Pour le senneur «Lingoutine», ce sont les proches de certaines personnes employées à bord du bateau qui l’ont dérobé, selon la même source. «Arrivés en Espagne, il y a quatre mois, les passagers du bateau ont été emmenés à Madrid dans le cadre d’asile politique.  Alors qu’il s’agissait d’un vol de navire de pêche. On devait arrêter ces personnes et les rapatrier au Maroc pour qu’elles soient poursuivies en justice  pour vol. Le propriétaire victime de ce vol, quant à lui, a dû payer 300 mille dirhams pour récupérer son bateau», indique Larbi Mhidi.

Il poursuit : «On est plus sur une logique de mafia  qui se procure par le vol un bateau de pêche côtier pour organiser des traversées de mer vers les îles Canaries», dit encore le président de la fédération, Mhidi. Mais pas seulement. Il pointe des mafias de contrebande. Il évoque l’affaire du  deuxième senneur «Housseine», lequel  a été brûlé par ses voleurs quand ils sont arrivés à Lanzarote, une île espagnole située à l’est de l’archipel des Canaries.

«Pourquoi va-t-on brûler un bateau, comment l’expliquer si ce n’est pour cacher quelque chose qu’on ne veut pas que les autorités sécuritaires découvrent», dit encore le président de la fédération des chambres des pêches maritimes.

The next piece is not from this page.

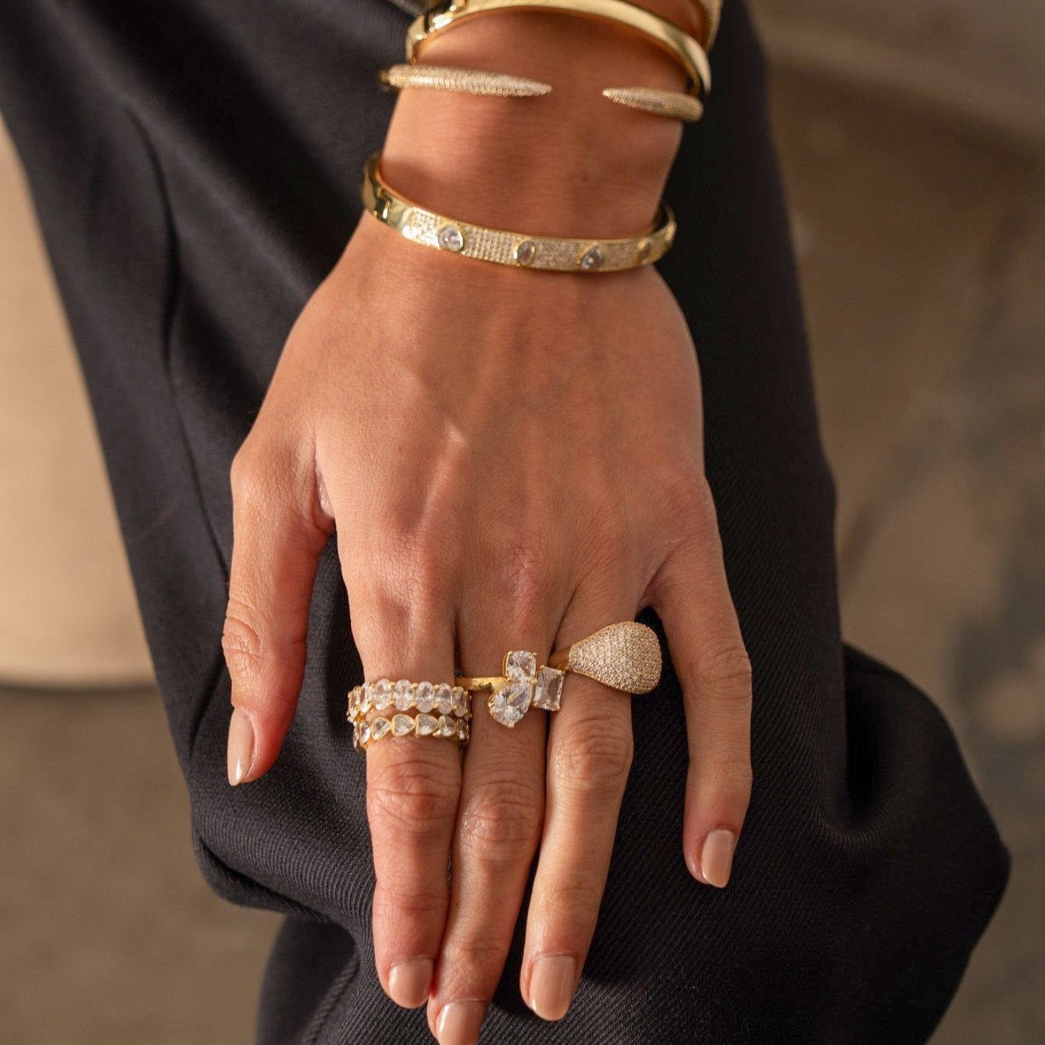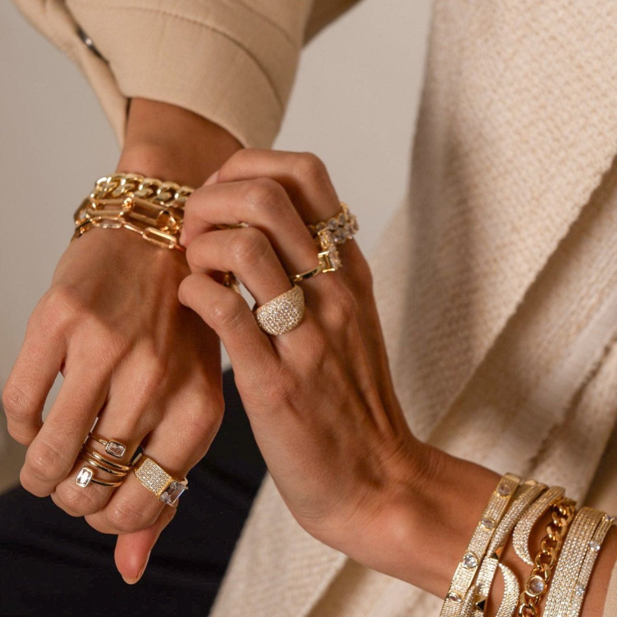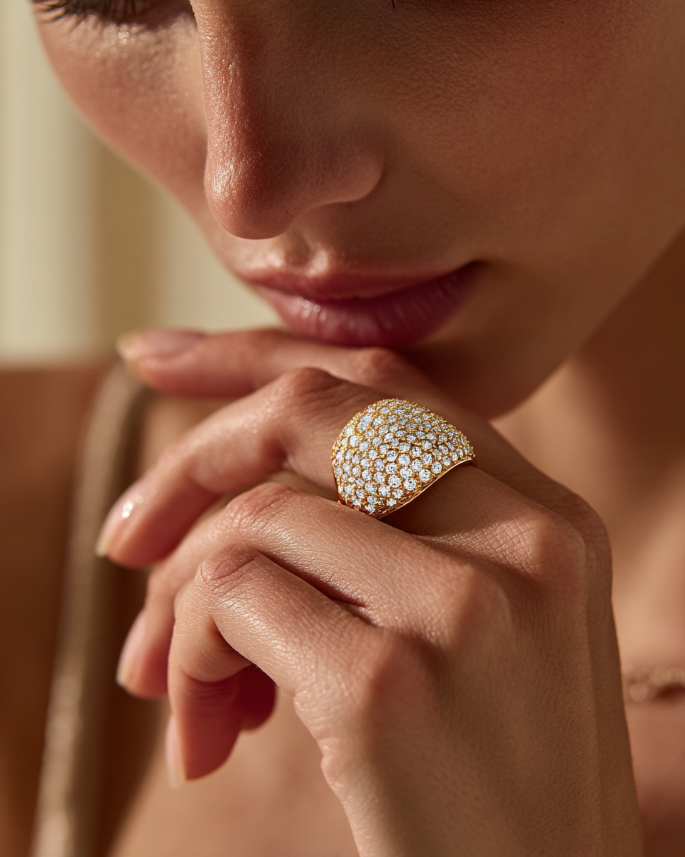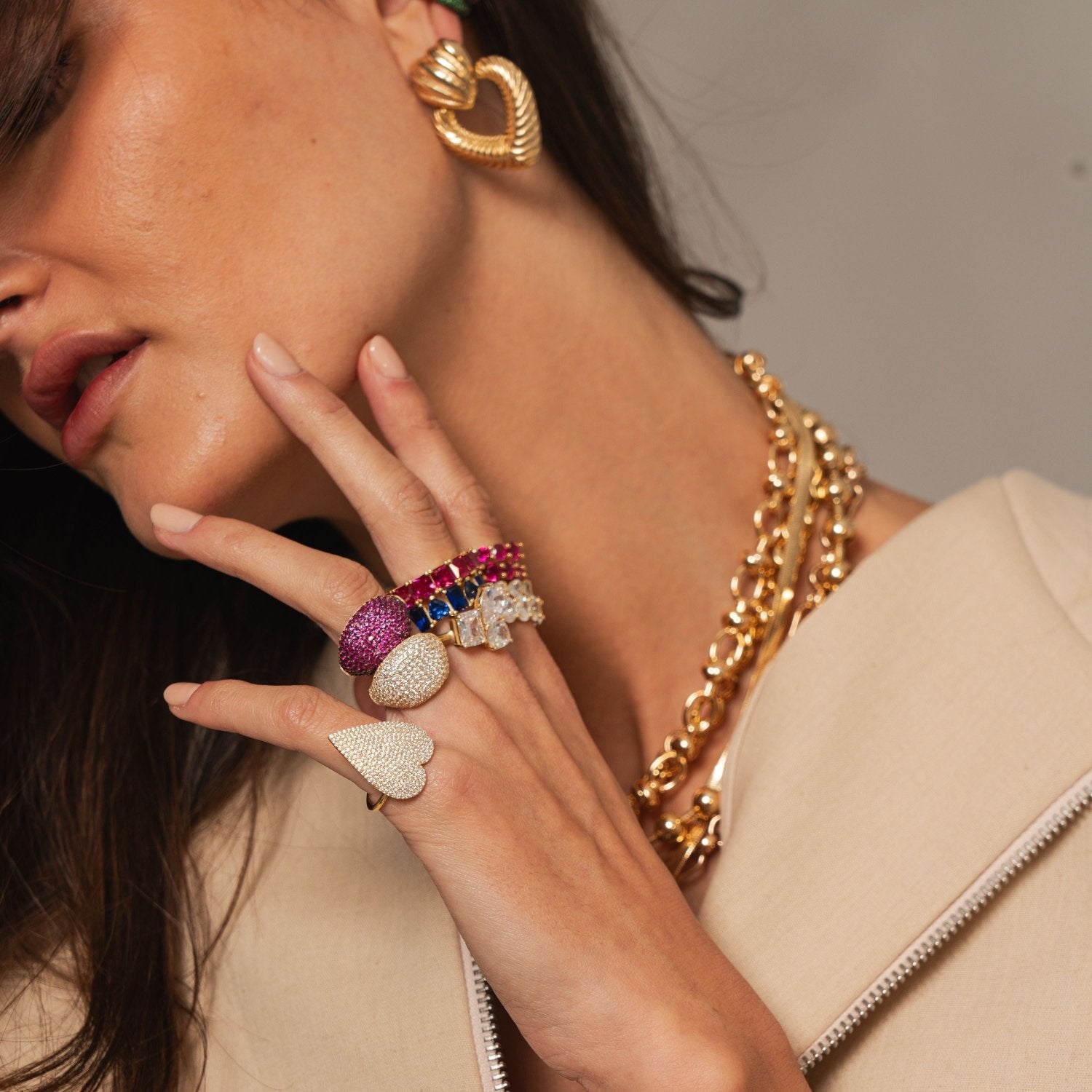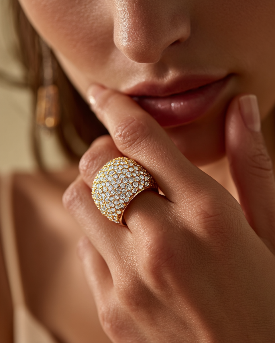 Elevate your style with our stunning Pave Signet Ring. Its gorgeous dome-like shape and statement-making pave design make it the perfect addition to any outfit, day or night. Let this ring make a statement and elevate your look.
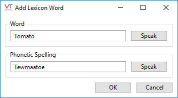 Use the Speech Lexicon dialog to adjust how words are pronounced when spoken by voice engine. If using a third party speech engine that provides its own lexicon configuration, disable the VTScada Speech Lexicon by changing the value of the property, EnableLexiconDialog to 0.

Le président de la fédération ne mâche pas ses mots. «Les malfaiteurs sont sortis du port sans l’autorisation de la capitainerie.  Ils ont pu échapper à leur vigilance. Ils ont réussi quand même à traverser la mer entre Agadir et les îles Canaries. Et finalement, ils sont arrivés en Espagne», «Il va falloir être vigilants sur la surveillance dans les ports de pêche», « Il ne faut pas que ça donne des idées aux autres. Maintenant il va falloir trouver des solutions à ce phénomène. Car ça devient grave», dit Larbi Mhidi. Si on ne fait rien, conclut-il, le phénomène des vols de bateaux de pêche côtiers pourrait s’accentuer

Ces vols inédits préoccupent les membres de cette fédération. Le 24 septembre, la fédération a interpellé le Gouvernement Akhannouch sur le vol des bateaux de pêche côtiers (pélagique) au Maroc. Dans une lettre adressée le 24 septembre 2025, au Chef de gouvernement, et dont Le Reporter détient copie, la fédération demande son intervention urgente pour protéger les bateaux de pêche côtiers des vols et ouvrir un dialogue avec le gouvernement espagnol concernant la demande d’asile par « ces voleurs de bateau ».